A system for detecting an object in a three-dimensional environment of a carrier vehicle, the system comprising: a sensor unit (11) which is configured to provide a point cloud (15) which represents a three-dimensional environment of the vehicle, a processing unit (12) for performing at least the object recognition task, the processing unit (12) comprising an encoder (13) and a decoder (14) for the object recognition task, wherein the encoder (13) is configured to receive the point cloud (15) as input data, features that are required for performing the object detection tasks based on a deep neural network to extract from the input data and the decoder (14) the to apply extracted features, wherein the decoder (14) is a 3D suggestion network configured to receive point cloud data (14) as input data for generating 3D object suggestions.

System according to Claim 1 wherein the encoder (13) comprises a convolutional neural network from which an input layer receives the point cloud (15) directly as input data.

System according to Claim 2 , the convolutional neural network of the encoder (13) being based on a PointNet.

System according to one of the Claims 1 to 3 , wherein the sensor unit (11) comprises a lidar sensor and / or a radar sensor.

A method for detecting an object in a three-dimensional environment of a carrier vehicle, the method comprising the following steps: Providing a system (10) for detecting an object according to one of the preceding claims, Supplying a point cloud (15), which represents the three-dimensional surroundings of the vehicle, as input data to an encoder (13), The coder (13) extracts features of an object that are necessary for performing the object recognition task on the basis of a deep neural network, Feeding the extracted features of the object to a decoder (14) for the task of object recognition, the decoder being a 3D suggestion network, Generation of 3-D object proposals from the point cloud (15) by the 3-D proposal network, Generating a 3D-oriented bounding frame (17) for each object (18).

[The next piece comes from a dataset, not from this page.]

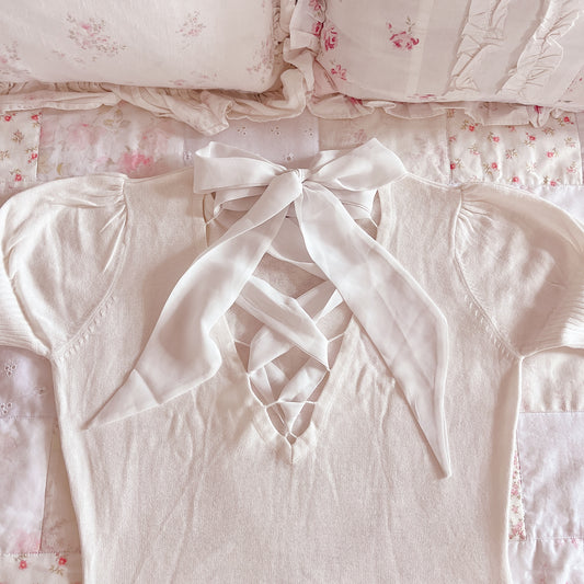 white lace-up back dress

Procedure according to Claim 5 wherein a convolutional neural network is used as the encoder (13), from which an input layer receives the point cloud (15) directly as input data.

Procedure according to Claim 6 , the convolutional neural network of the encoder (13) being based on a PointNet.

Method according to one of the Claims 5 to 7th , wherein each 3D-oriented bounding frame (17) is parameterized by the center, the size, the orientation and the object class of the 3D frame in the coordinate system of the sensor unit (11).

Method according to one of the Claims 5 to 7th wherein the supply of a point cloud (15), which represents the three-dimensional environment, as input data to the encoder (13) comprises the supply of data from a lidar sensor and / or a radar sensor.

Computer program product, comprising instructions which, when the program is executed by a computer, cause the computer to carry out the steps of the method according to the Claims 5 to 9 executes.